Collected data entries
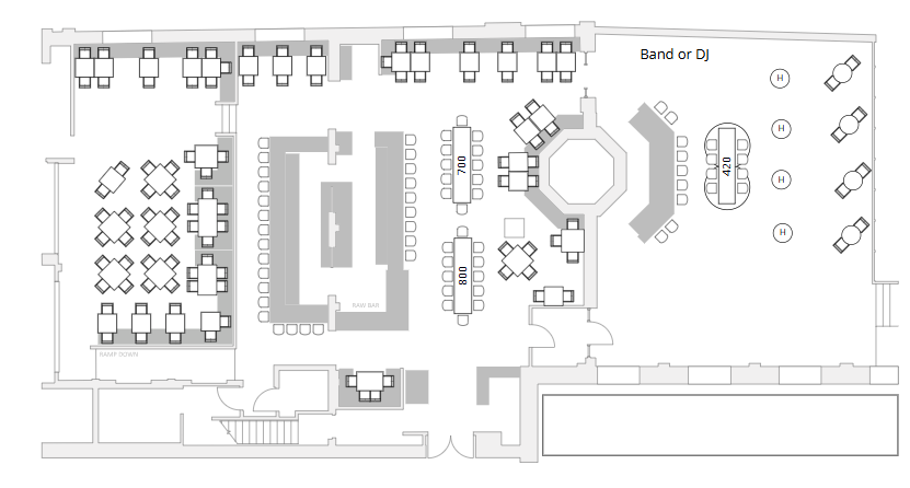 - Refined lounge area with high-top tables - View of raw bar & shucker - Private bar with two TVs
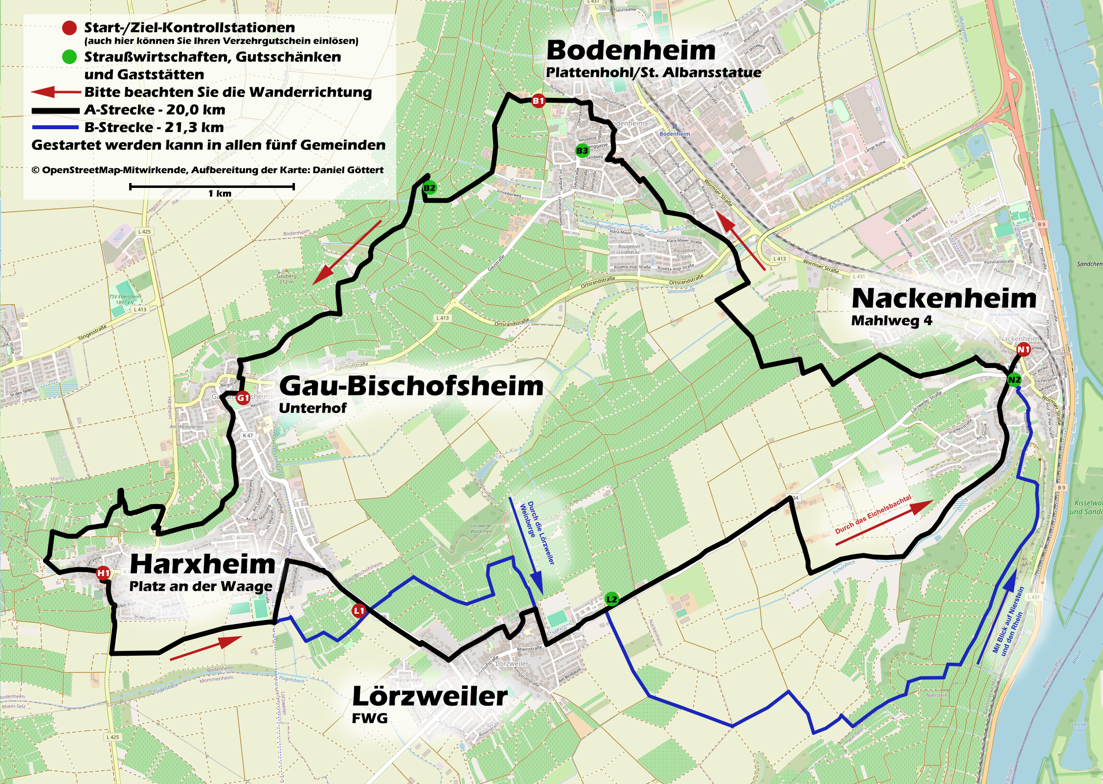 Gestartet werden kann zwischen 9:00 bis 12:00 Uhr in jeder der oben genannten Ortschaften. Starten Sie beispielsweise in Nackenheim, ist Ihr Ziel auch wieder Nackenheim, wo sie die Wanderung dann gemütlich bei einem Glas Federweißen und leckeren regionalen Spezialitäten ausklingen lassen. Von Nackenheim aus wandern sie in Richtung Bodenheim. Wählen Sie z.B. Harxheim als Start, ist ihre nächste Anlaufstelle Lörzweiler.
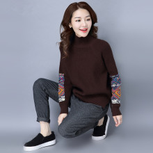 女士毛衣套头中长款加绒加厚秋冬长袖宽松大码低领韩版保暖打底衫
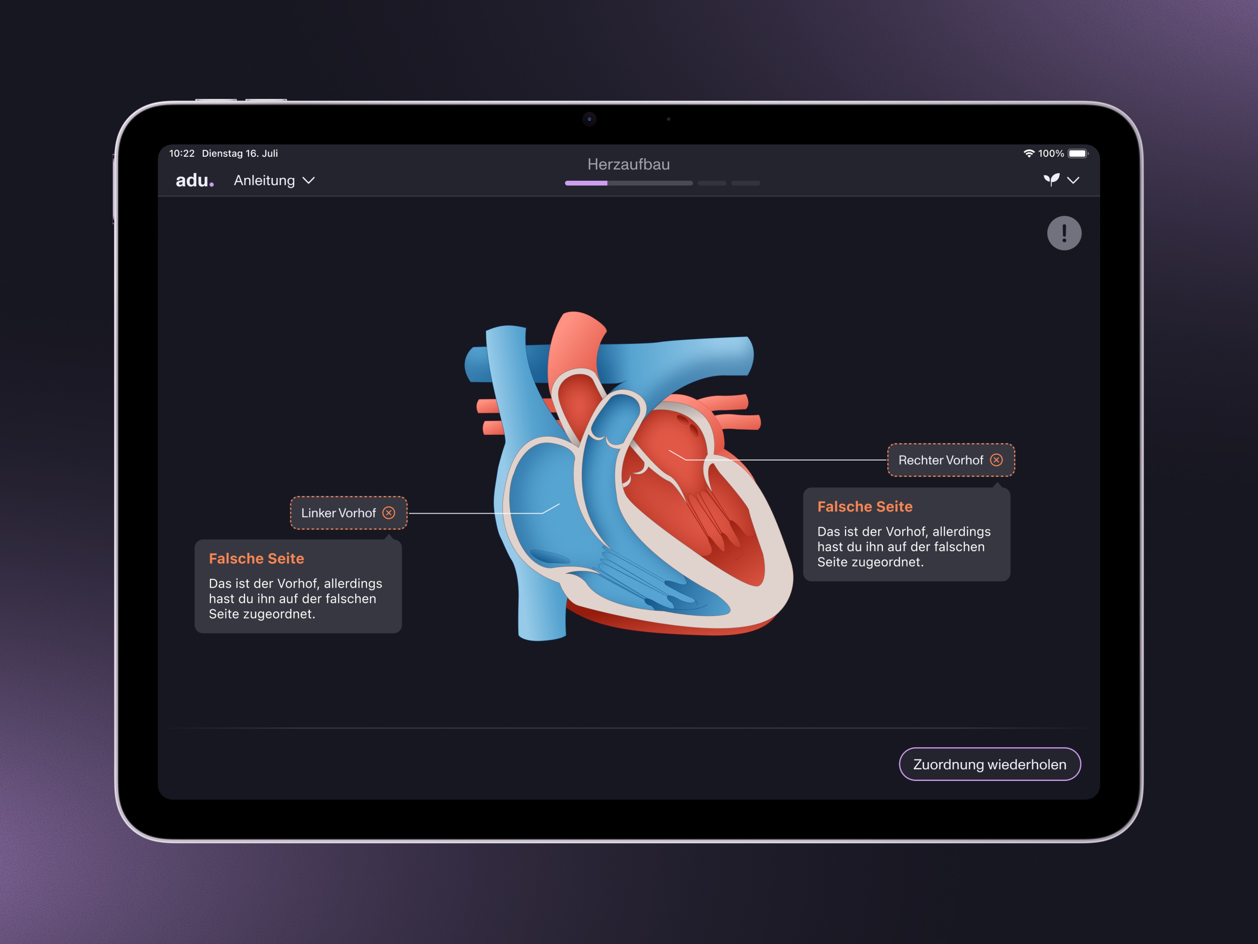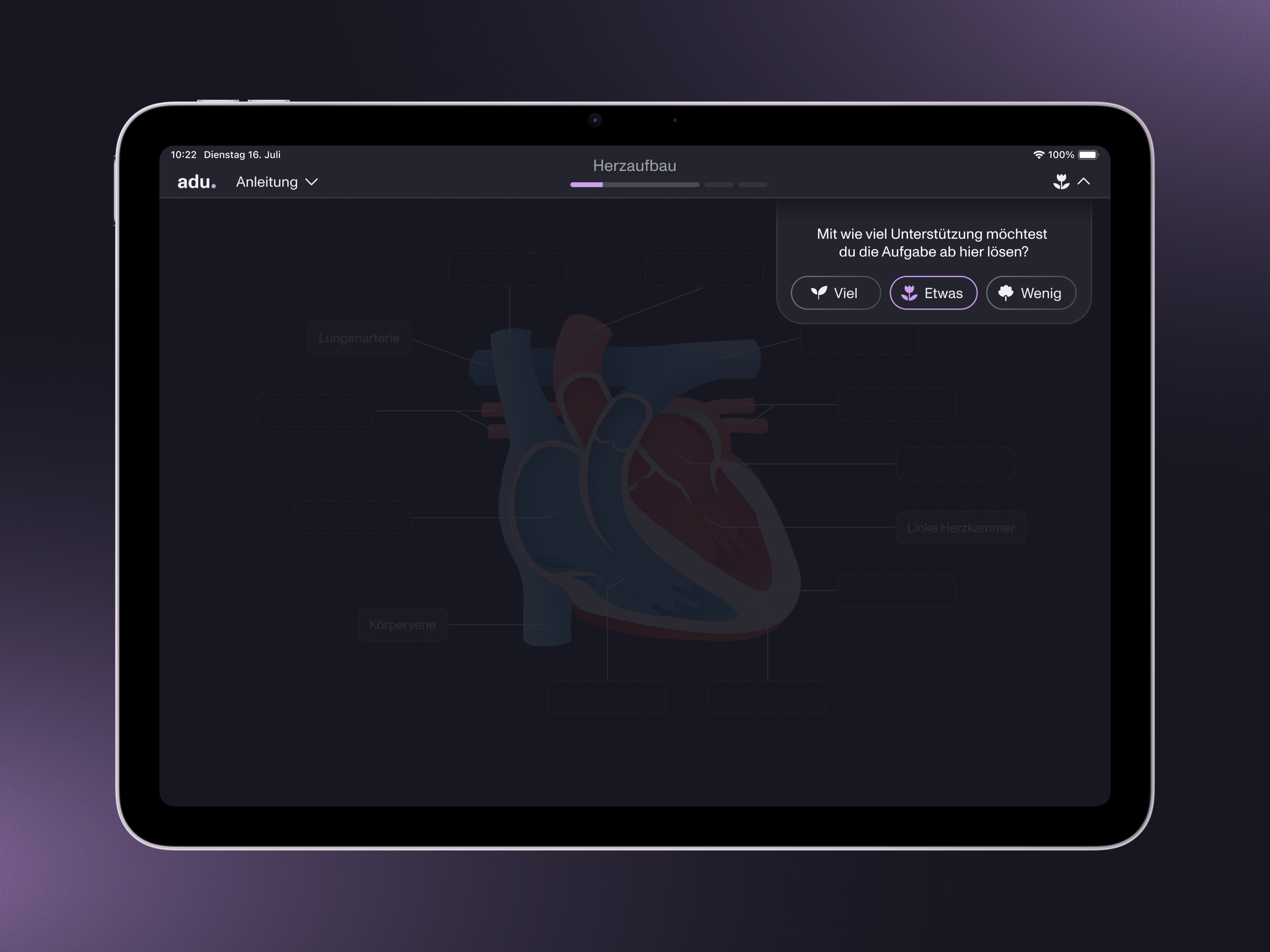 Aus dieser Ausgangslage entstand „adu – adaptive education“: ein digitales Lernsystem mit Übungsaufgaben für den Biologieunterricht der 7. Klasse an Gymnasien.
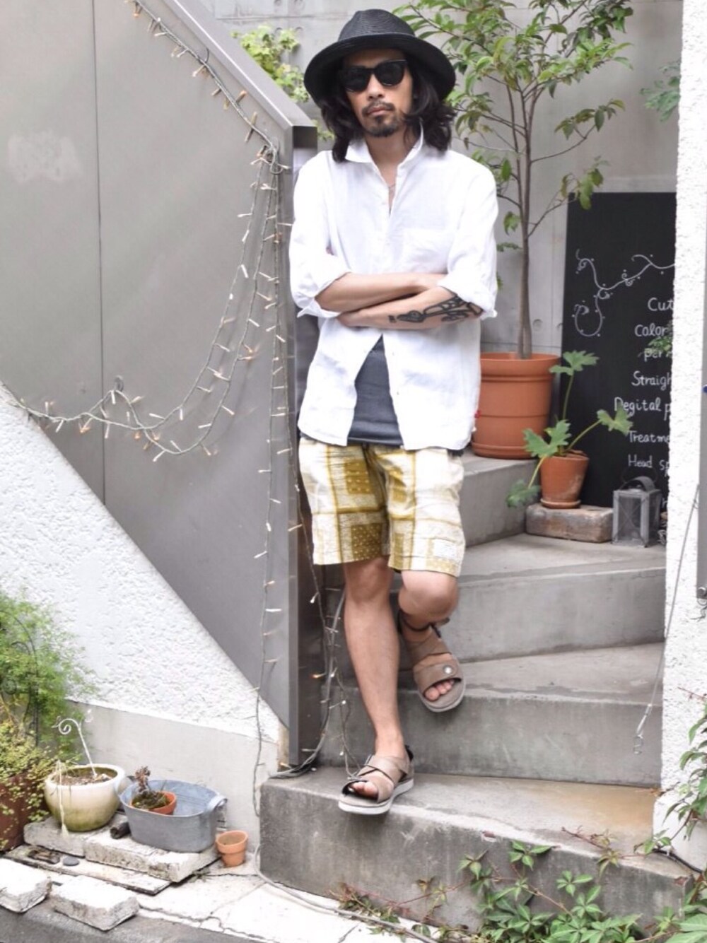 毎日柄ショーツ。 本日は直営店限定カラーの イエローです。 派手すぎずちょっと大人っぽい 色味なので意外とあわせやすく 気に入っております。 新作の麻7分シャツ白と ハットでちょっと上品に。

→ What you have to do:
Output the lines of the data exactly, starting at the first and ending with the line that has "Aus dieser Ausgangslage". Pictures are not part of it.

→ Result of the exercise:
 - Refined lounge area with high-top tables - View of raw bar & shucker - Private bar with two TVs
 Gestartet werden kann zwischen 9:00 bis 12:00 Uhr in jeder der oben genannten Ortschaften. Starten Sie beispielsweise in Nackenheim, ist Ihr Ziel auch wieder Nackenheim, wo sie die Wanderung dann gemütlich bei einem Glas Federweißen und leckeren regionalen Spezialitäten ausklingen lassen. Von Nackenheim aus wandern sie in Richtung Bodenheim. Wählen Sie z.B. Harxheim als Start, ist ihre nächste Anlaufstelle Lörzweiler.
 女士毛衣套头中长款加绒加厚秋冬长袖宽松大码低领韩版保暖打底衫
 Aus dieser Ausgangslage entstand „adu – adaptive education“: ein digitales Lernsystem mit Übungsaufgaben für den Biologieunterricht der 7. Klasse an Gymnasien.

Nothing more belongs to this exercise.